Modified: llvm/trunk/lib/Transforms/Scalar/AlignmentFromAssumptions.cpp
URL: http://llvm.org/viewvc/llvm-project/llvm/trunk/lib/Transforms/Scalar/AlignmentFromAssumptions.cpp?rev=369723&r1=369722&r2=369723&view=diff
==============================================================================

--- llvm/trunk/lib/Transforms/Scalar/AlignmentFromAssumptions.cpp (original)
+++ llvm/trunk/lib/Transforms/Scalar/AlignmentFromAssumptions.cpp Thu Aug 22 19:17:04 2019
@@ -93,9 +93,7 @@ static unsigned getNewAlignmentDiff(cons
                                     const SCEV *AlignSCEV,
                                     ScalarEvolution *SE) {
   // DiffUnits = Diff % int64_t(Alignment)

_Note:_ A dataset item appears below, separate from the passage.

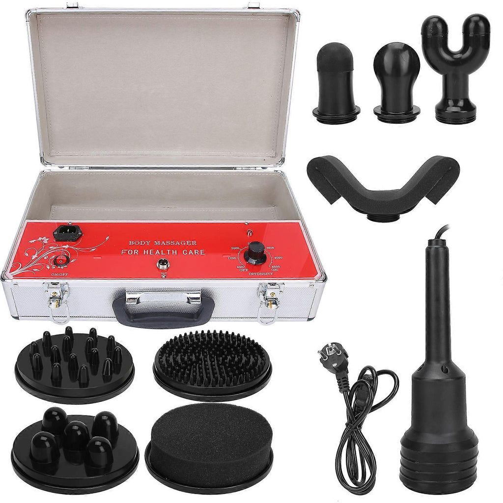 Feature:1. Beautiful appearance, intelligent working program, simple and convenient operation, high efficiency and durable to use.2. A variety of massage heads included of the package to meet the needs of any normal position of the body.3. Cylindrical head massage can relieve muscle tension, speed 24004000 r / min of vibration can be effective use to achieve weight loss.4. Can be applied to anticellulite, body slimming, weight loss, has good massage effect to make you feel relax.5. Oscillation frequency of 10Hz60Hz (800 r/min to 4500 r/min), continuously adjustable to meet different demands.Specification:Item Type: Push Cellulite MassagerMaterial: Plastic + Stainless Steel Power: 80WOscillation Frequency: 10Hz-60Hz (800 r/min to 4500 r/min), continuously adjustableWorking Noise: 60dBHow to use: Please hanging the main equipment and vibrating hose on the bracket first, please read the note and the buttons need to select the vibration strength, speed to operate. various types of massage may be necessary, removal of the replacement parts.Cylindrical head massage is to stimulate the muscle skills in a "massage therapist's fingers" in the painful area with the top material extrusion and vibration to reduce pain, can relieve muscle tension, speed 2400-4000 r / min of vibration can be effective use to achieve weight loss.Shower massage heads aimed rough, more wrinkled skin and soft fat massage use, may also assist in bonding surface and depth of fibrous tissue, fat elimination. Recommended speed is 1600-2400 r / min.Foam massage head, mainly used on acupoints, including the body and the soles of the feet, the proposed speed of 800 r / min or so. Physical therapy, use disposable sanitary film sets (such as plastic wrap and the like).Hemispherical massage head can be used to the muscles massage acting on the larger sites (such as back massage), exercise the muscles of the lack of passive exercise. In the super-intensity exercise or sport to help prevent muscle fatigue and hardening, to maintain joint flexibility, reduce joint swelling. The same time, at the speed of 2400-4000 r / min of vibration on the fat of the soft parts can be effective, consumption, and help people to lose weight. Relax your muscles.Massage should use a smoothly start or soft massage head, while slow move forward to massage.Notes: 1. Before the preparatory work, do not start the machine, otherwise it will increase the wear rate of vibration massage head. 2. Centrifugal vibration head can not be removed without permission.3. Do not add oil in the rotating shaft or machine. All bearings and shafts are closed and self-lubricating.4. Using soft soap and warm water to clean the outside of machine, do not use cleaning fluid, the accessories can also be cleaned in this way. 5. Avoid to use the machine during the excessive acute inflammation, bleeding area, skin lesions, malignant injury site and menstrual use.6. It can not be used during the thrombophlebitis lymphoid tube.7. Excessive pulmonary hypoxia, pulmonary tuberculosis, pneumothorax, breast cancer and chest wall disease; chest wall abscess and symptoms of infection; infection site; the bleeding site or may be the bleeding site; malignant diseases; thrombophlebitis or lymphangitis; heart parts : varicose veins; disabled patients can not tolerate the shock.8. The patients with bronchus or lung parenchyma infection with sputum use under cautions.9. Pregnant women, women during menstrual period and children are forbidden to use the machine..Package List:1 x Host 8 x Probe 1 x Handle 1 x Manual 1 x Plug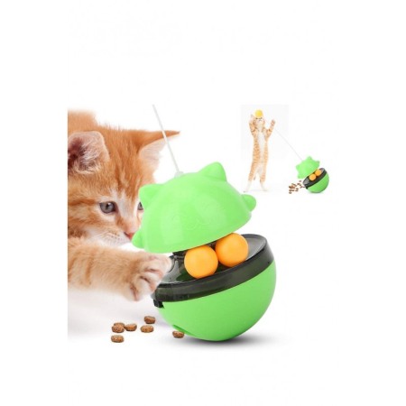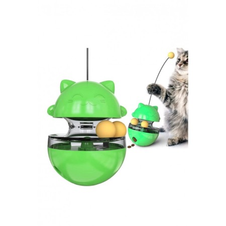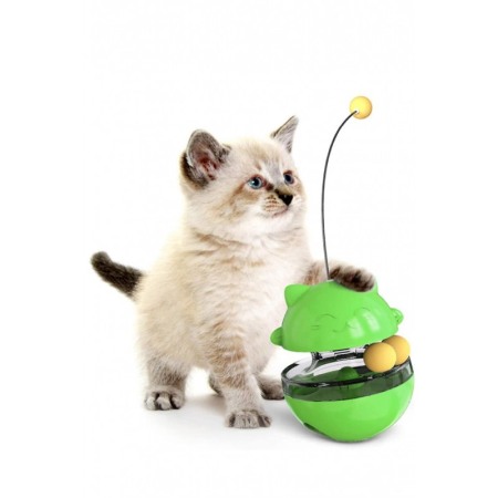 Jucarie interactiva 2 in 1 pentru pisici GattoBall, cu eliberare recompensa, mingi incluse, verde, 13x9 cm, Doty®️

-  const SCEV *DiffAlignDiv = SE->getUDivExpr(DiffSCEV, AlignSCEV);
-  const SCEV *DiffAlign = SE->getMulExpr(DiffAlignDiv, AlignSCEV);
-  const SCEV *DiffUnitsSCEV = SE->getMinusSCEV(DiffAlign, DiffSCEV);
+  const SCEV *DiffUnitsSCEV = SE->getURemExpr(DiffSCEV, AlignSCEV);
 
   LLVM_DEBUG(dbgs() << "\talignment relative to " << *AlignSCEV << " is "
                     << *DiffUnitsSCEV << " (diff: " << *DiffSCEV << ")\n");

Modified: llvm/trunk/test/Transforms/AlignmentFromAssumptions/simple.ll
URL: http://llvm.org/viewvc/llvm-project/llvm/trunk/test/Transforms/AlignmentFromAssumptions/simple.ll?rev=369723&r1=369722&r2=369723&view=diff
==============================================================================
--- llvm/trunk/test/Transforms/AlignmentFromAssumptions/simple.ll (original)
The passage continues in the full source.